Thanks for your help,

Gartlesby

edited to add a couple more questions:

1. The silicone recommended by Amazing Ribs is only rated to 500 degrees - is that good enough? http://www.amazon.com/exec/obidos/ASIN/B000DZBLNC/amazingribs--20

2. Hardware store guy said JB Weld wasn't good enough since things would be getting too hot - but this was also recommended as a sealant/glue by Amazing Ribs. Should I not use it?


----------



## sqwib (Aug 26, 2014)

gartlesby said:


> Howdy guys and gals,
> 
> I recently got a new offset smoker and in my burn in tests I am having a hell of a time controlling oxygen to the fire. With everything closed up, the temp inside the pit near the firebox was reaching over 500 degrees, after 1 hour! (perfect example of why you should do test burns to learn your pits!) I know there's a lot I can do to make improvements in general to the offset smoker:
> 
> ...


I can pretty much guarantee that your temp problem is not from the gap in your door, I sometimes run with my door open a few inches with no problems.

The firebox does not need to be airtight.

I would look in other areas to rectify this problem, here's a few to start

Fire Management
Check thermos.
Baffles
Tuning Plates
Add thermal Mass
Diffuser at the inlet area of the firebox
Baffle where the heat pounds the first point of contact.


----------



## daveomak (Aug 26, 2014)

Pop rivet or bolt a flange on the inside of the gaps, or the outside would do...  to seal the FB.....    The metal does not need to be thick...  26 gauge would do nicely..  all you are doing is sealing air "out"...


----------



## radioguy (Aug 26, 2014)

Daves suggestion is the way to go.  You can buy pre-cut metal at your local home improvement store.  Flat bar is available in a variety of sizes.  Drilll holes, pop rivet,bolt,self tap sheet metal screws.  

RG


----------



## gartlesby (Aug 26, 2014)

SQWIB said:


> I can pretty much guarantee that your temp problem is not from the gap in your door, I sometimes run with my door open a few inches with no problems.
> 
> The firebox does not need to be airtight.
> 
> ...


I was using freshly calibrated digital thermometers to gauge the close and far ends of the pit. I'm surprised you're saying the temp problem is not due to the airflow - on my little weber kettle adjusting the air intake to the coals was the biggest influence on controlling the temperature.

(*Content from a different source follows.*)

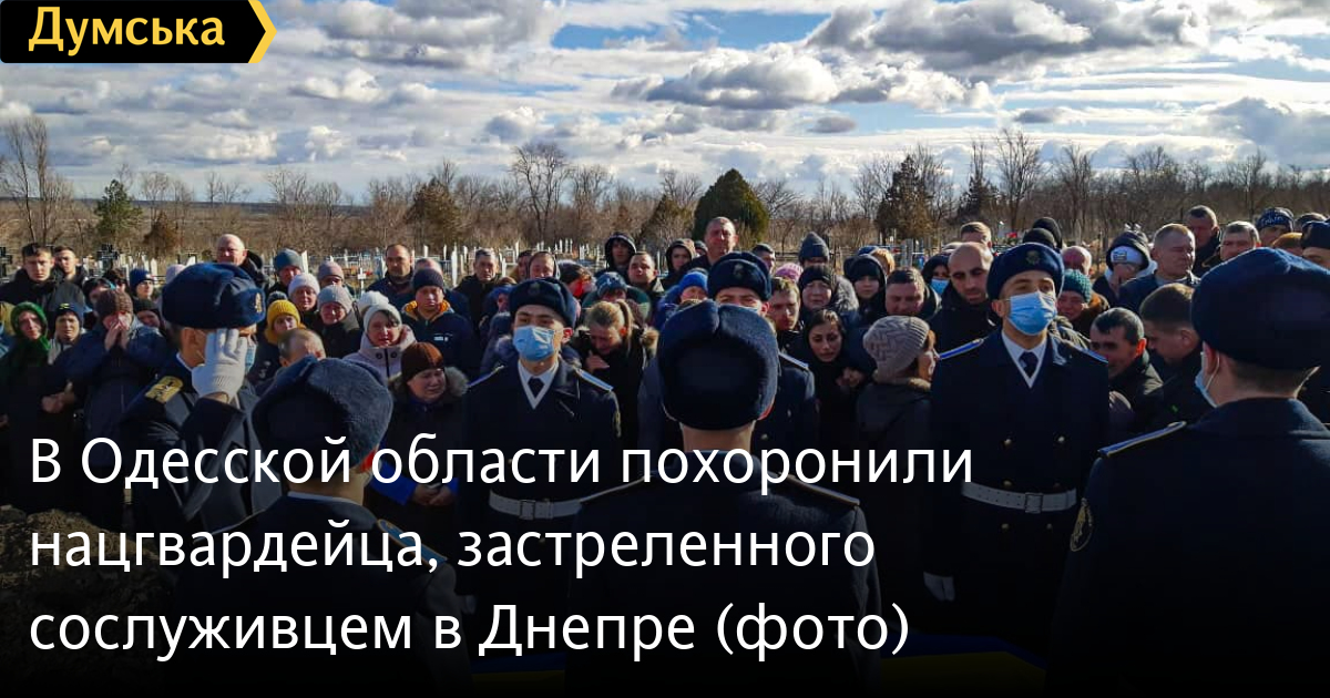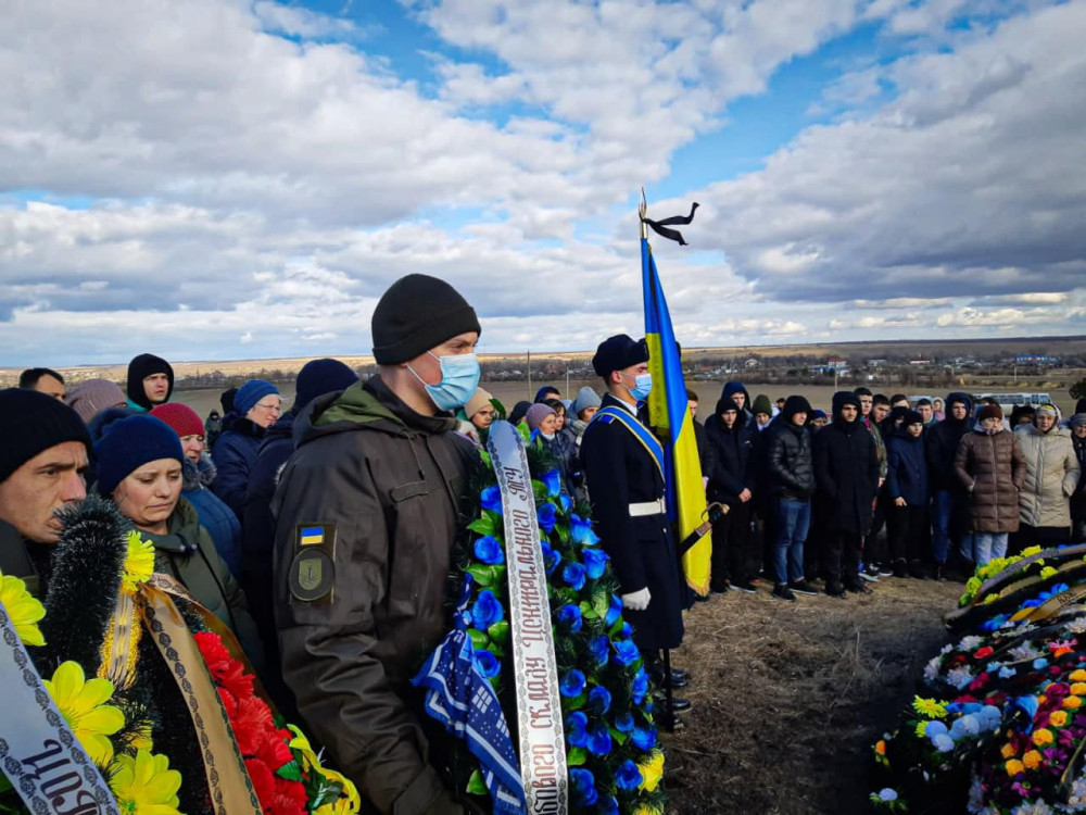 Прощание с военнослужащим Национальной гвардии Украины Александром Драганом, погибшим во время стрельбы на заводе «Южмаш», прошло сегодня, 31 января, в поселке Березино Одесской области.

What do you mean about Fire Management? I have used the minion method successfully for quite a while, though I'm certainly not an expert.

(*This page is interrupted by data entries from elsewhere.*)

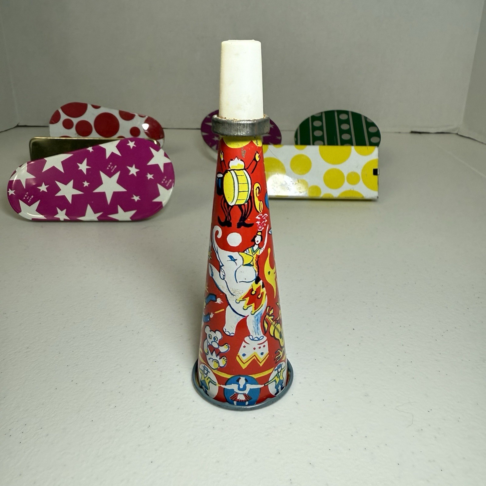 как выглядит New Years Eve Lot Of Mixed 7 Vintage Tin Noise Makers Litho Metal Toy USA фото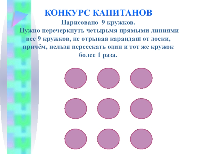 кружков, не отрывая карандаш от доски, причём, нельзя пересекать один и тот же кружок более 1 раза.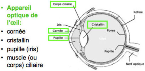 | Quelle est la fonction de l'appareil optique? | C'est de mettre au point l'image d'un objet sur la rétine. |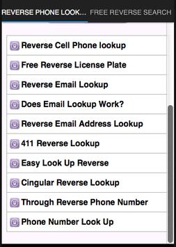Reverse Phone Lookup Free is an operation that enables you to easily look up a number either manually or from your phone`s call log. Reverse lookup apps usually do NOT contain any sort of database of the information it merely suggests free alternatives to do reverse search any number that called you.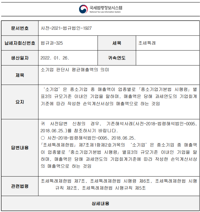 사전-2021-법규법인-1927 자료에서 확인가능하며, 요지는 다음과 같다.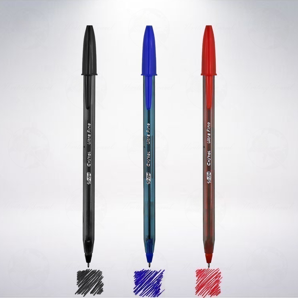 BIC出品的經典原子筆款式: 「Cristal」,略為透明的筆身,並以筆蓋識別區分顏色款式,總共有黑色、藍色、紅色共3種款式(商品圖由左至右)。 筆芯粗細為0.7mm,可適用於大部分一般書寫情形。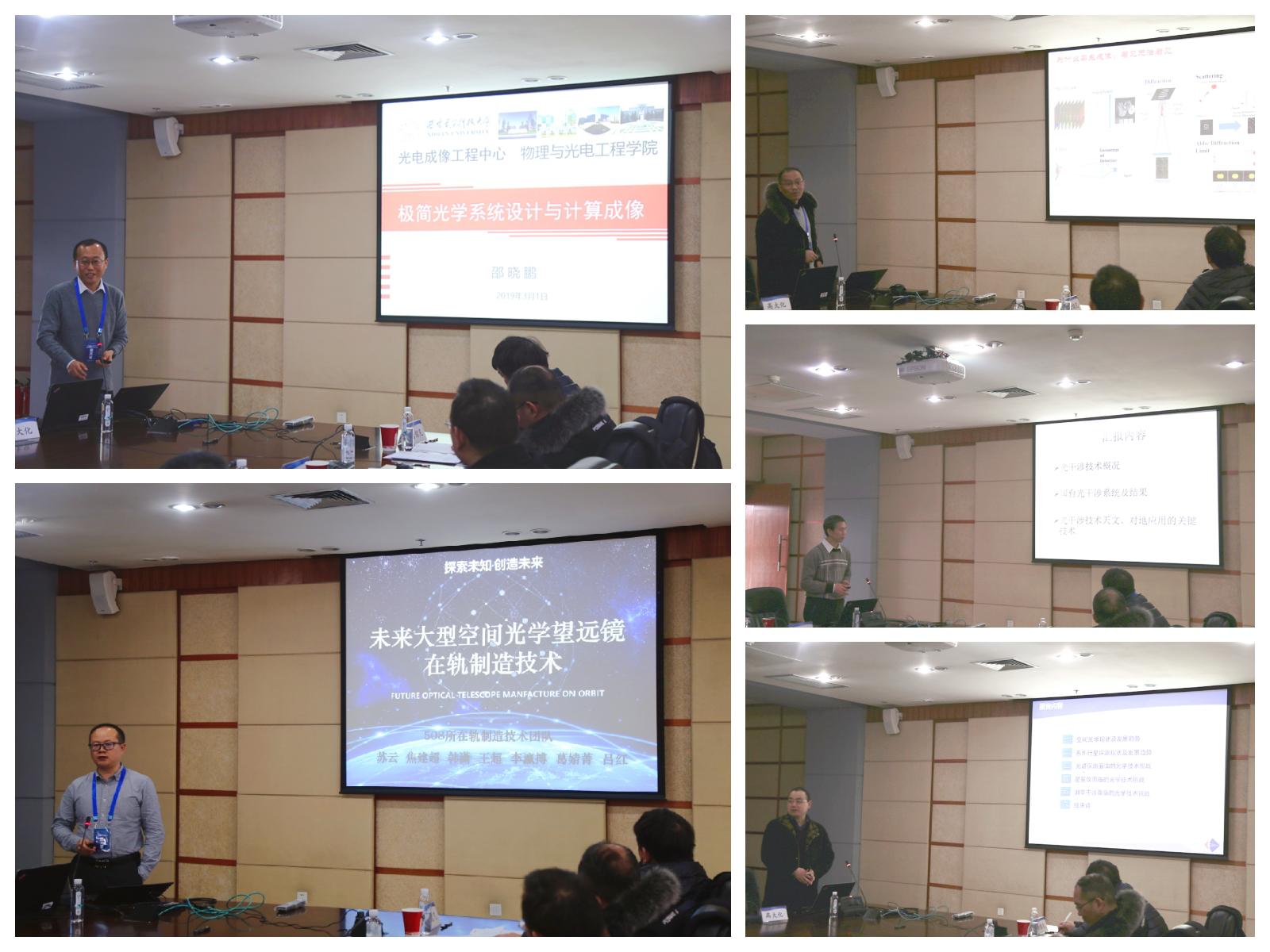 中国科公司国家天文台姜爱民研究员、北京空间机电研究所苏云研究员、中国科公司西安光机所樊学武研究员、上海光机所韩申生研究员、fun88官网体育邵晓鹏教授为广大师生带来“基于望远镜阵列的光学综合孔径技术”、“未来大型空间光学望远镜在轨制造技术”、“系外行星探测面临的光学技术挑战”、“看见无法看见—鬼成像研究进展”、“极简光学系统设计与计算成像”5场精彩的学术报告,围绕空间光学合成孔径领域最新研究成果开展深度研讨和交流。

As I understand it, baffles, tuning plates, thermal mass and the difuser would help with evening out the temerature, but I don't understand how that would keep my coals under control in the first place.

Thanks for the feedback.


----------



## gartlesby (Aug 26, 2014)

RadioGuy said:


> Daves suggestion is the way to go. You can buy pre-cut metal at your local home improvement store. Flat bar is available in a variety of sizes. Drilll holes, pop rivet,bolt,self tap sheet metal screws.
> 
> RG


When I was there looking for metal I only saw things in the size of 2'x4' sheets or larger. Can I cut 26 guage with tinsnips or something?


----------



## gartlesby (Aug 26, 2014)

DaveOmak said:


> Pop rivet or bolt a flange on the inside of the gaps, or the outside would do... to seal the FB..... The metal does not need to be thick... 26 gauge would do nicely.. all you are doing is sealing air "out"...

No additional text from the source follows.